Positive outlook for seniors housing

Business property advisor Knight Frank has published its ‘Seniors housing annual review 2022-24’, which contains positive indicators following on from the pandemic.

The report aims to provide operators, developers, investors and other stakeholders with sector insight, both as it is currently stands and how it has progressed over time.

Knight Frank has surveyed IRC operators, enquiring about their daily operations, performance and resident profiles of 115 schemes managing 13,000 units (110 units per scheme), and housing more than 17,500 residents.

In total, 32% of schemes analysed were affordable and 68% were private, and geographically spread across the country, with 30% in rural and 70% in urban locations.

The findings suggest the sector continues to evolve and transform, with more flexibility and choice than ever before. Rental has been increasing in popularity and among private IRC operators, deferred management fees (DMF) options are also on the rise.

Although there are a number of challenges, there are more reasons to be positive about the sector given strong fundamentals and increasing maturity of operators, as reflected in a number of key performance indicators presented in the report.

Once again, this year’s report provides further evidence of the resilience of the seniors housing market, as well as the long-term drivers for growth, including focusing on customers and responding to changing market conditions. This reflected in the tenures being offered and the widening choice on DMF structures.

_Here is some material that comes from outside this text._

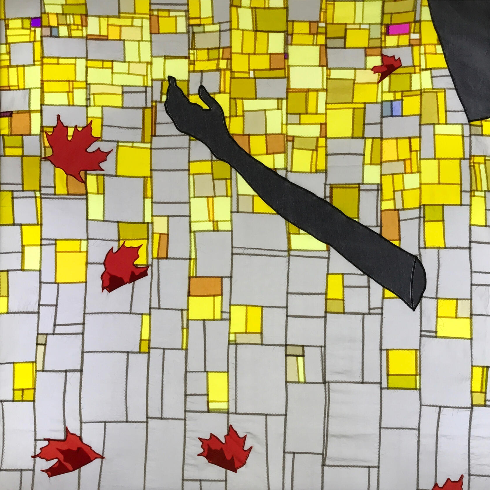 Textile art created from silk that is sliced and stitched in repetitive turns.
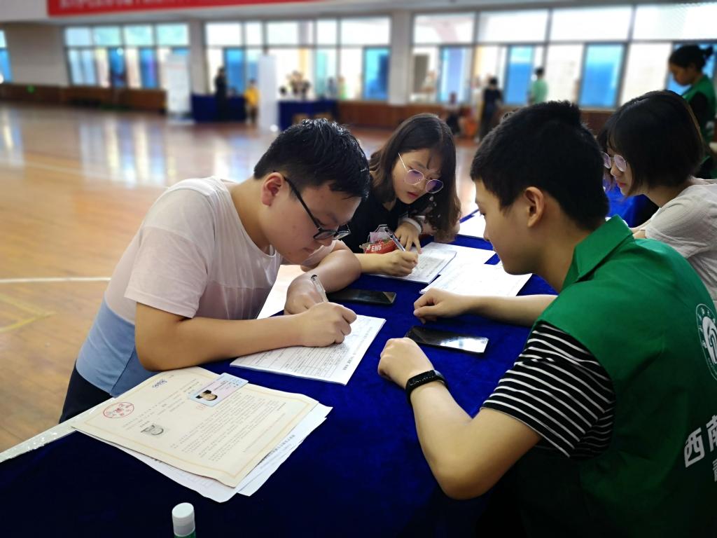 迎新期間,南充校區學生干部、大學生全媒體中心學生記者、學生社團組織等學生志愿者儼然成了新生接待站的一道不可忽視的風景線,他們熱情周到的“一對一”服務總是能得到新生和家長的頻頻稱贊。

Even with challenges such as build cost inflation, the leading operators continue to grow their platforms, creating communities that generate long-term income streams that offer a hedge against inflation.

Larger DMFs allow more cost risk to be shared between income sensitive tenants and investors creating long-term alignment. Rental tenure allows increased flexibility and choice to tenants whilst widening the addressable market.

Sales volumes in 2023 to date appear to be down around 20% year-on-year (albeit with the time delay on Land Registry a comprehensive dataset is still being analysed).

Conversely rental volumes have increased in 2023 year-on-year. And pricing volatility is low with operators largely holding headline pricing. These dynamics are more robust than the wider residential market, where prices increased more post-Covid and hence are reducing along with sales volumes in the current higher rate environment.

There is appetite in debt markets from a growing range of lenders to fund seniors housing schemes. Prime yields sit outside the rest of the living sectors, making leverage more accretive. And value looks attractive: high inflation over the last two years means real values remain down.

Looking forward to next year, inflation will remain sticky which will continue to support rental growth. If the current Older People’s Housing Taskforce delivers next year on its brief of providing policy change to increase supply, then the sector will have a tailwind through 2024 and beyond which will accelerate investment.

Overall, Knight Frank says this year’s survey results are a positive indicator about the position of the sector following on from the pandemic and moving through economic headwinds.